- WHAT TO DO:
Although the data below contains pictures, output only the lines between those holding "マドラスチェックで大人可愛いデザインに仕上げたキャミワンピース。" and "Are un diametru", inclusive, exactly and without those pictures.
═══ DATASET RECORDS ═══
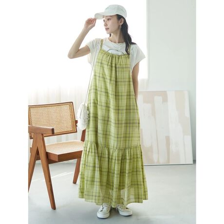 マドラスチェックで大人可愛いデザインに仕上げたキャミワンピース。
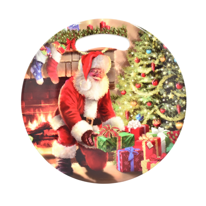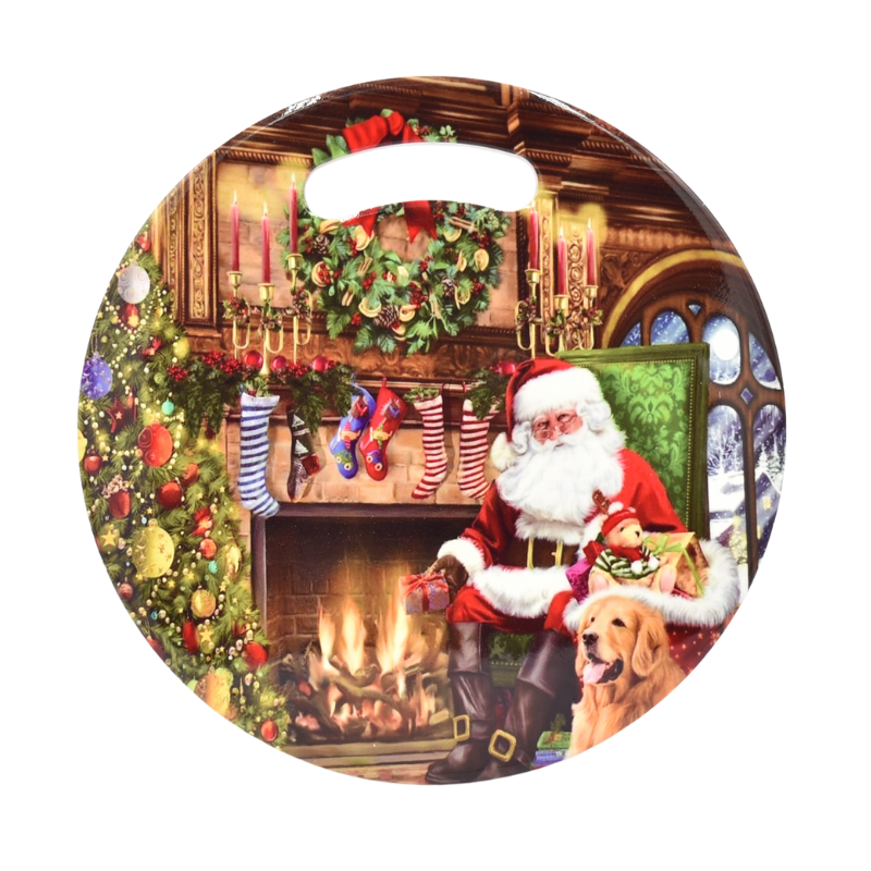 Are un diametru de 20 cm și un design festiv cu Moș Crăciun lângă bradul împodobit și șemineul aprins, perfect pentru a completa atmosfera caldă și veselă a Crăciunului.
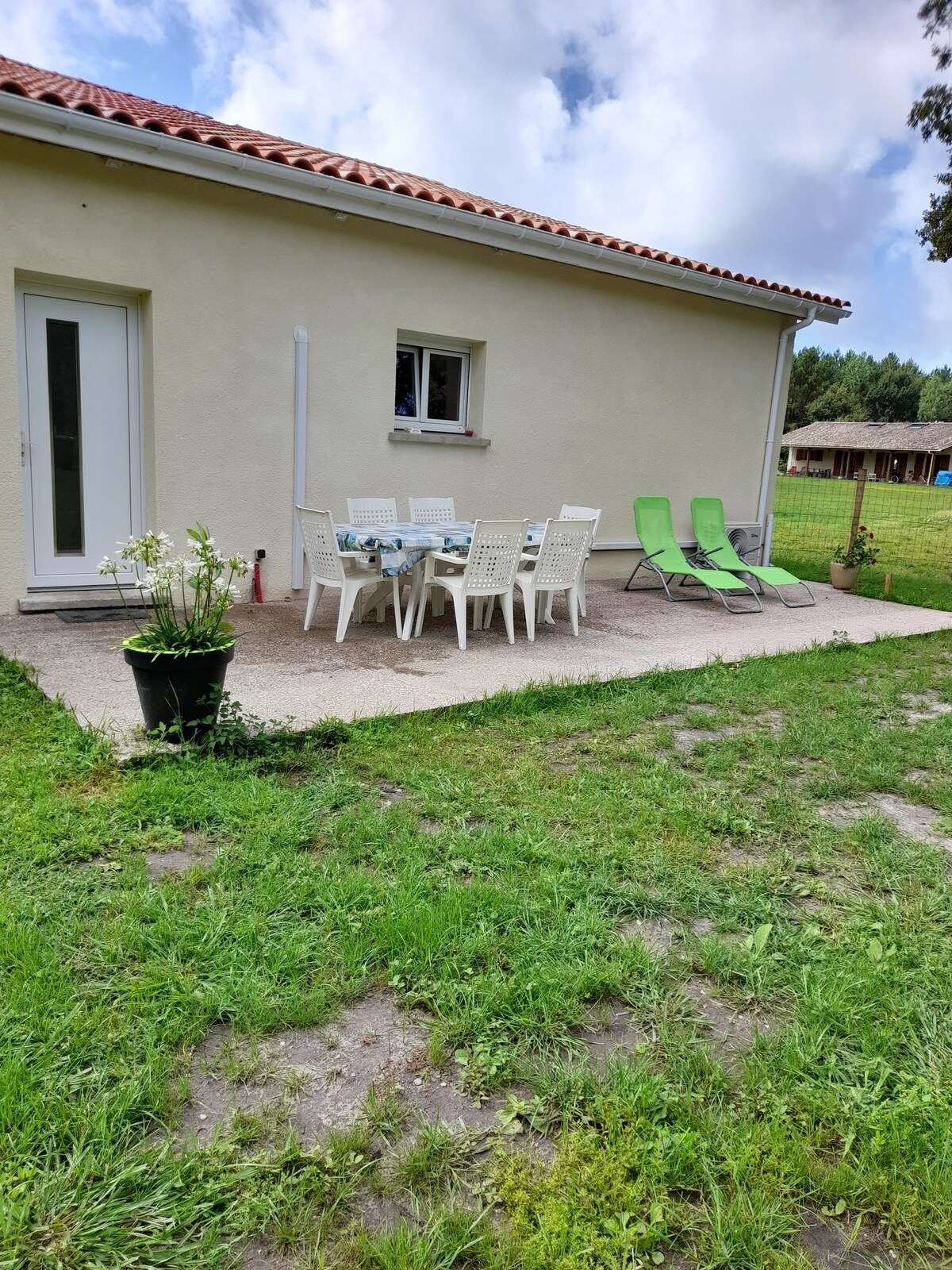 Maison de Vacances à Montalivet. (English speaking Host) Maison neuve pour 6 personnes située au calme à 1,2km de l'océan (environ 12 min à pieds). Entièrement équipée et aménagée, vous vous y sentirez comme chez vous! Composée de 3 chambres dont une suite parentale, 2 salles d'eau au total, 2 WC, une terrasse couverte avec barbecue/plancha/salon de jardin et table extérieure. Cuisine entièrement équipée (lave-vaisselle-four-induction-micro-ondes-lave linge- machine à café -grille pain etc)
═══
═══ DATASET RECORDS ═══
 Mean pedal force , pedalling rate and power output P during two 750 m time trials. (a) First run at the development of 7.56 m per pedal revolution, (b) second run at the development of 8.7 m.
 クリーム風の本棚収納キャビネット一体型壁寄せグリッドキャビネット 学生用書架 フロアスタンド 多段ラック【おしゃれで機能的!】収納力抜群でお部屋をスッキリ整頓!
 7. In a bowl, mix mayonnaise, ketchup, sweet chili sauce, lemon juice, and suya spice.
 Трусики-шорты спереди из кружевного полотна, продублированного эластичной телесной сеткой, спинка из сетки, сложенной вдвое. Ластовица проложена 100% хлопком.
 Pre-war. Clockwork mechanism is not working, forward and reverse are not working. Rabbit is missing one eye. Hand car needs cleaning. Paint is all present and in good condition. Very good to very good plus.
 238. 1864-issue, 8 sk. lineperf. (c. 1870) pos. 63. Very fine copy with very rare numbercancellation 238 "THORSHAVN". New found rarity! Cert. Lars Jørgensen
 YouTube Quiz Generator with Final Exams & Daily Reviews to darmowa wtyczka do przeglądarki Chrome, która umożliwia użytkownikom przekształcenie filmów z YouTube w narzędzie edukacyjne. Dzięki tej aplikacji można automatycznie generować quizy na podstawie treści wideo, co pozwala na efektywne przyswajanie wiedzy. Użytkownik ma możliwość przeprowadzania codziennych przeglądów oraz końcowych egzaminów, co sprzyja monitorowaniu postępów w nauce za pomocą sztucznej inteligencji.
═══
- ANSWER TO THIS EXERCISE:
 マドラスチェックで大人可愛いデザインに仕上げたキャミワンピース。
 Are un diametru de 20 cm și un design festiv cu Moș Crăciun lângă bradul împodobit și șemineul aprins, perfect pentru a completa atmosfera caldă și veselă a Crăciunului.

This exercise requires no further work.